Да-а... Легко отмахнуться от этого, преодолеть это, когда рассуждаешь не здесь... Анатолий Ванеев увезет отсюда туберкулез, который прикончит его в сибирской ссылке. Петр Запорожец заболеет неизлечимой формой мании преследования — сойдет с ума, умрет в психиатрической больнице.

Не так угнетает Глеба скованность, ограниченность, как томит безделье. Деятельный и живой, он не знает, куда себя девать, и не в силах это претерпеть.

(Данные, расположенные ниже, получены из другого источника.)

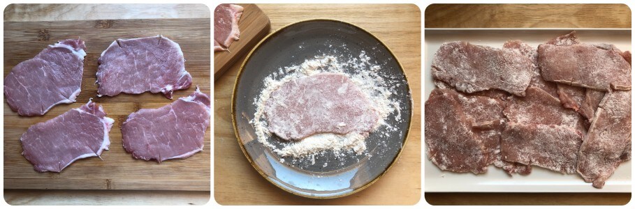 Lightly pound the pork loin slices to thin them a bit and make small incisions on the sides so they don’t curl during cooking.
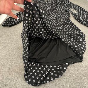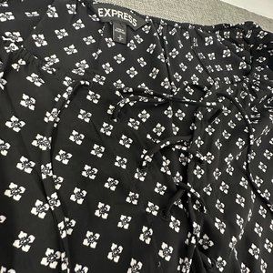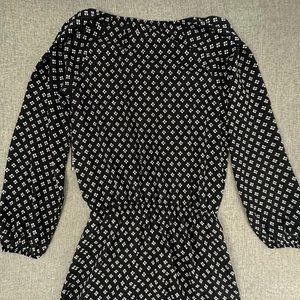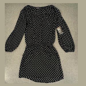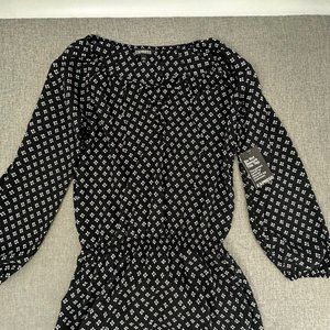 Brand New! Express Dress Black & White Small Neckline Tie Elastic Waist Balloon
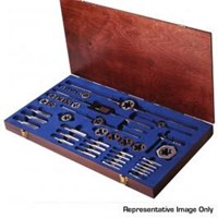 Champion 51 Piece 302 Carbon Taps & 327 Carbon Dies Set. 1/8 NPT pipe tap; taps/dies: 1/4-20, 1/4-28, 5/16-24, 3/8-16, 3/8-24. 7/16-14, 7/16-20, 1/2-13, 1/2-20, 9/16-12, 9/16-18, 5/8-11, 5/8-18, 3/4-10, 3/4-16, 7/8-9, 7/8-14, 1-8, 1-14. Accessories: 3305-1, 1-1/2 & 2 hex adaptor for round dies, 3002-2 "T" handle. 3291-1, 1-1/2 & 2 die stocks, 3001-7 bar handle tap wrench and screwdriver.

Он пытается сдерживаться, как-то бороться с этим, но ничто не помогает: отчаяние подавляет его. Подавляет и когда он, ничего не признав, никого не выдав, ведет долгие, отнюдь не душеспасительные беседы с важным именитым чиновником — с самим Кичиным, усердно внушающим, что «нам известно все, карта ваша бита, единственный путь к спасению — чистосердечное признание...». И когда остается в обществе своего неизменного провожатого — молодого любезного офицера, всем видом как бы упрекающего:

«Ведь ты — мой ровесник... Курил бы свои — собственные, а не мои сигары, сверкал бы свежевыбритыми щеками, благоухал острыми духами, и лицо твое было бы слегка припухшим не от того, что промаялся всю ночь на тюремной подушке, а прогулял, прокутил до зари в обществе очаровательных дам... Ну зачем тебе все это? Поприще народного заступника, Сибирь, чахотка, нужда? За- че-ем?!»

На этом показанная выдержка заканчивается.